On ne me voit pas parmi vous, mais je suis bien là. Je suis là sans pouvoir répondre présent.
D’ailleurs c’est souvent comme ça, entre mon corps et moi, depuis que « TCA » fait partie de ma vie. De nos vies.
J’ai tellement de choses à dire, mais c’est aussi tellement intimidant de me retrouver face à autant de professionnels… Mes expériences avec vous, professionnels, par le passé, si elles n’ont pas été toutes malheureuses, ont en revanche toujours contenu une part d’éprouvant. Trouver comment mettre en mots ce que je vis, ce qui m’anime et ce qui me ruine, et après ça, ne pas avoir de crédit, ne pas me sentir entendue, ne pas être soutenue, et parfois être jugée et disqualifiée, non seulement dans mon vécu mais aussi dans mes efforts, c’est le risque que je prends à chaque nouvelle rencontre avec un professionnel…

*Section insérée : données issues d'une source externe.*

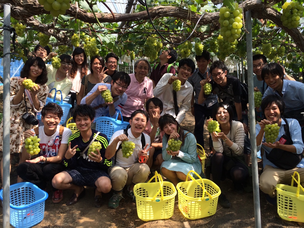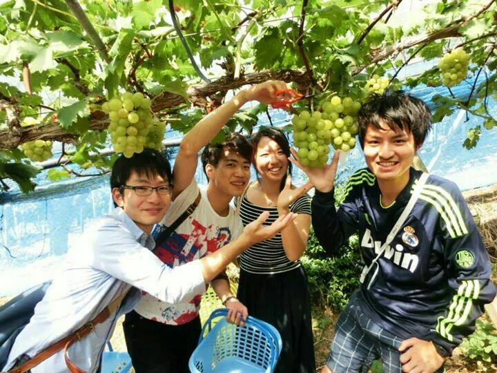 それぞれ選んだぶどうを持って、集合写真をパシャリ!
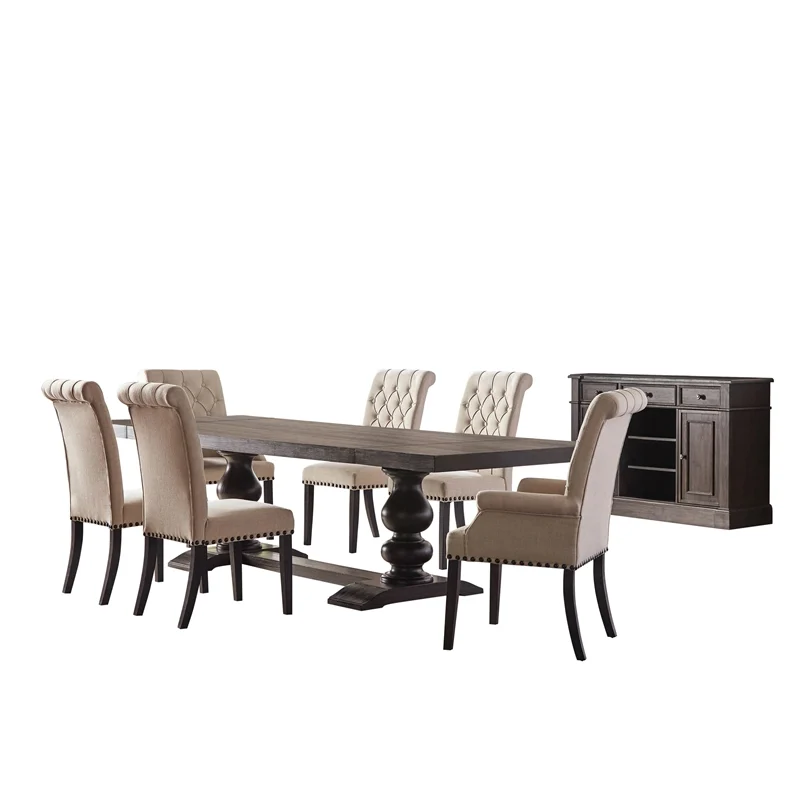 - Includes: One (1) dining table, four (4) side chairs, two (2) arm chairs and one (1) server
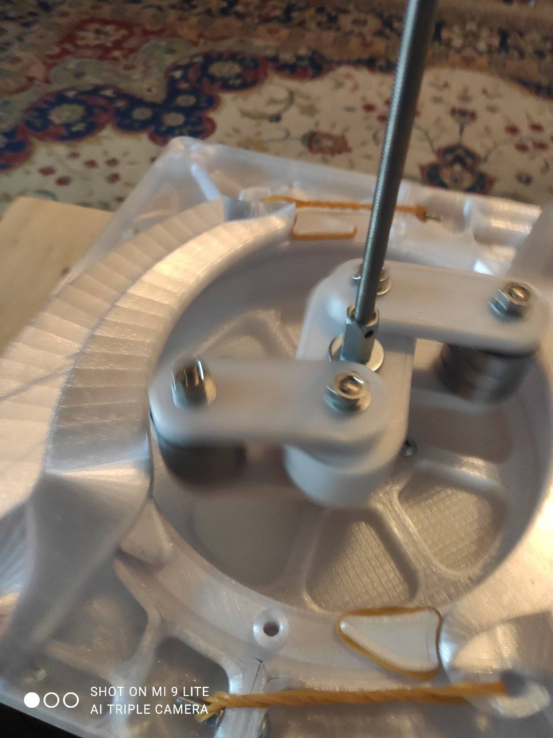 Рычаги имеют массу и притянуты резинками к корпусу эти резинки возвращают рычаги на место. Ролики выполняют работу по ускорению массы рычагов, своей центробежной силой,@ а так же по растяжению резинок. Каждый ролик давит на рычаг силой 15кГс. Максимальной нагрузкой на рычаги может быть полный заклин. После заклина рычагов моторчик вращается и ролики продожают давить на рычаги с такой же силой, ни какая нитка там не рвёрся. Отпускаешь рычаг он продолжает работать крутящий момент на оси рычага очень большой
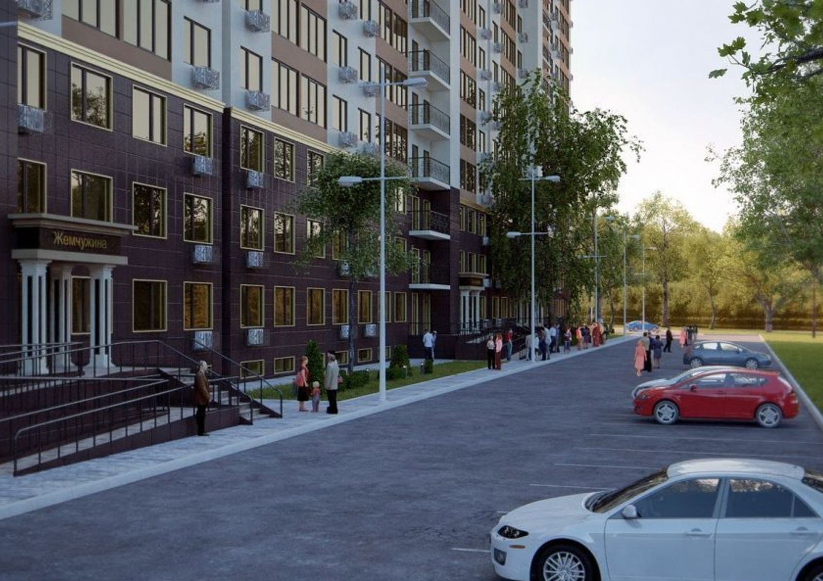 Придомовая территория «Тридцать седьмой жемчужины» реализована по принципу целевого зонирования. Проектом предусмотрены игровые и спортивные площадки, а также зеленые зоны для отдыха. Для автомобилей жильцов предусмотрена открытая наземная стоянка. Рядом с домой парковые зоны, морское побережье и удобная транспортная развязка.
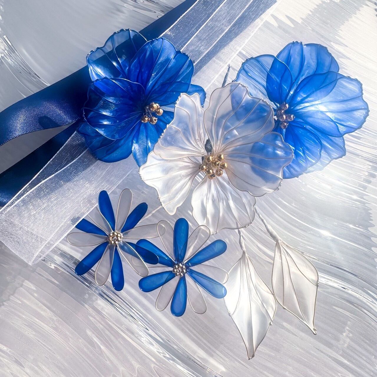 ディプシーブルーを基調に調色したブルーのヘアアクセサリーセットです。
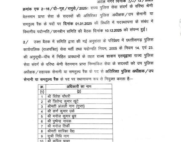 गृह (पुलिस) विभाग द्वारा विभागीय पदोन्नति एवं छानबीन समिति की अनुशंसा के आधार पर राज्य पुलिस सेवा संवर्ग के वरिष्ठ श्रेणी वेतनमान प्राप्त 16 अधिकारियों को उप पुलिस अधीक्षक/सहायक सेनानी या समतुल्य रैंक के पद से अतिरिक्त पुलिस अधीक्षक/उप सेनानी या समतुल्य रैंक के पद पर स्थानापन्न रूप से पदोन्नत किया गया है. पदोन्नत अधिकारियों में रितेश चौधरी, जितेन्द्र कुमार खूंटे, मती अंजली नाग (गुप्ता), कर्ण कुमार उके, मनोज कुमार ध्रुव, पुष्पेन्द्र नायक, मनोज तिर्की, मती सारिका वैद्य, सु निधि नाग, कपिल चन्द्रा, अविनाश कुमार मिश्रा, ईश्वर प्रसाद त्रिवेदी, योगेश कुमार साहू, मयंक तिवारी, सु रश्मीत कौर चांवला तथा अनिल कुमार विश्वकर्मा शामिल हैं.
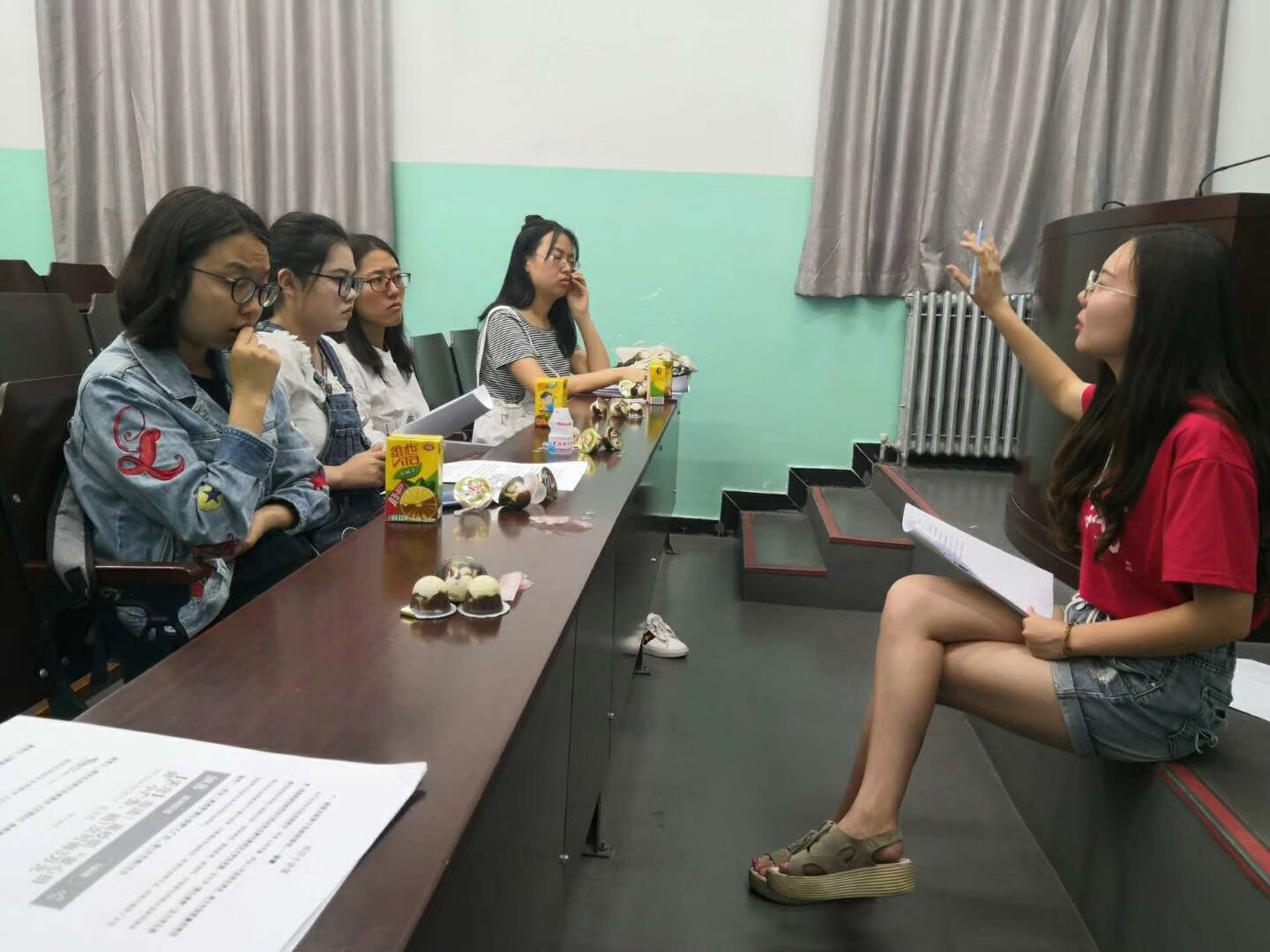 首先,我们将活动地点定在了教十,并购买了零食和饮料,为参与者提供较为良好的实验环境,保证实验的顺利进行。在参与者全部到达之时,我们的主试刘靓翾同学便为各位参与者作了实验说明,介绍本次实验的主要的内容。
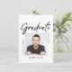 Celebrate his milestone with timeless style using this Modern Photo White Graduation Party Invitation with Black Typography. Designed with a crisp white background and clean black lettering, this invitation offers a sophisticated, minimalist look that keeps the focus on your graduate.
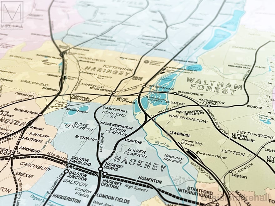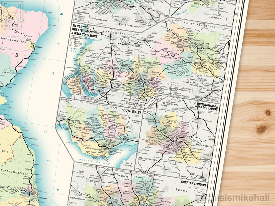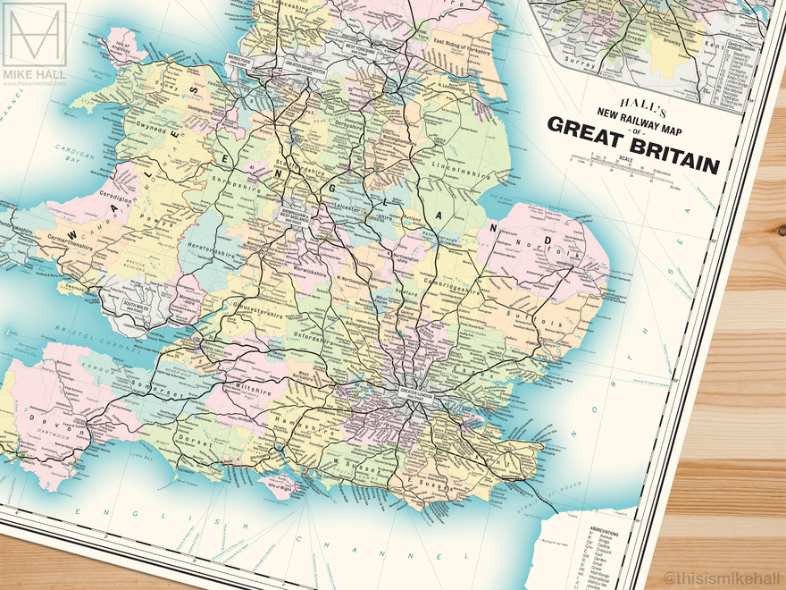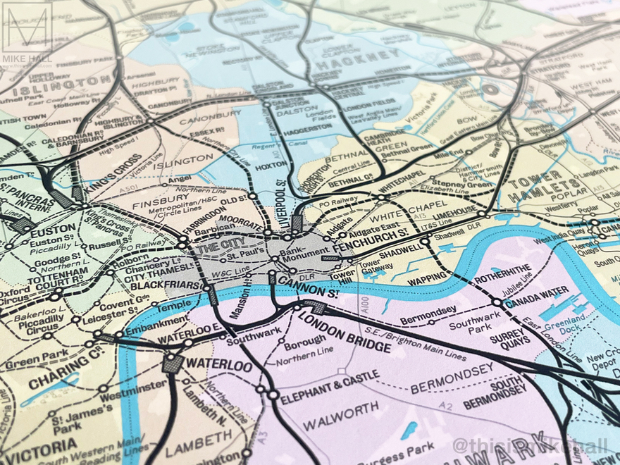 The designs are available as prints from my online store: shop.thisismikehall.com/collections/railway-maps
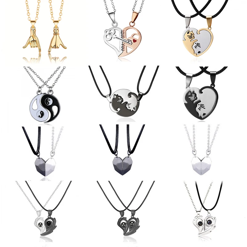 Ожерелье для пар, 2 шт.компл., колье с круглым сердцем, кошкой, брелком, колье для семьи, влюбленных, дружба, ювелирные изделия, подарок

Depuis longtemps maintenant, et avec toujours plus de poids au fil du temps, mon corps m’empêche de faire ce que je veux, et d’être où je devrais. On a du mal à être raccord, lui et moi. Quand il s’amène, toute l’attention est portée sur lui. Et puis là, lors d’une journée sur les TCA, on ne risquait pas de le laisser tranquillement dans son coin. Mais c’est surtout mon attention à moi qui se porte tout entière sur lui. Au point de m’éclipser, moi. De ne plus pouvoir parler, ni de lui, ni de moi. Et encore moins de mes TCA.
Et puis, être devant Vous Tous, pour cette journée sur les TCA, sur mon Problème, ma Maladie… Ce n’est pas si simple. C’est terrible, parce que ça rend mon Problème réel à d’autres yeux que les miens, mes yeux qui ont déjà du mal à faire avec. Vos regards, aussi bienveillants puissent-ils être, sont (encore un autre) un risque pour moi. Etre là, c’est m’exposer. M’exposer à vos idées, à vos préjugés, à votre curiosité, à nos impuissances et à nos incompréhensions, … et aux crises aussi. Evidemment aux crises. Quoi de plus confrontant que de pouvoir enfin prendre la parole pour parler de ce qui me ronge, et de ne pas me vivre à la hauteur ? …
On a envisagé toutes sortes de modalités, mais malgré l’importance que cette journée représente, malgré ma légitimité à être là, mes écrits sont la seule présence que je suis capable de vous offrir aujourd’hui. En attendant de pouvoir un peu plus, peut-être, le prochain pas.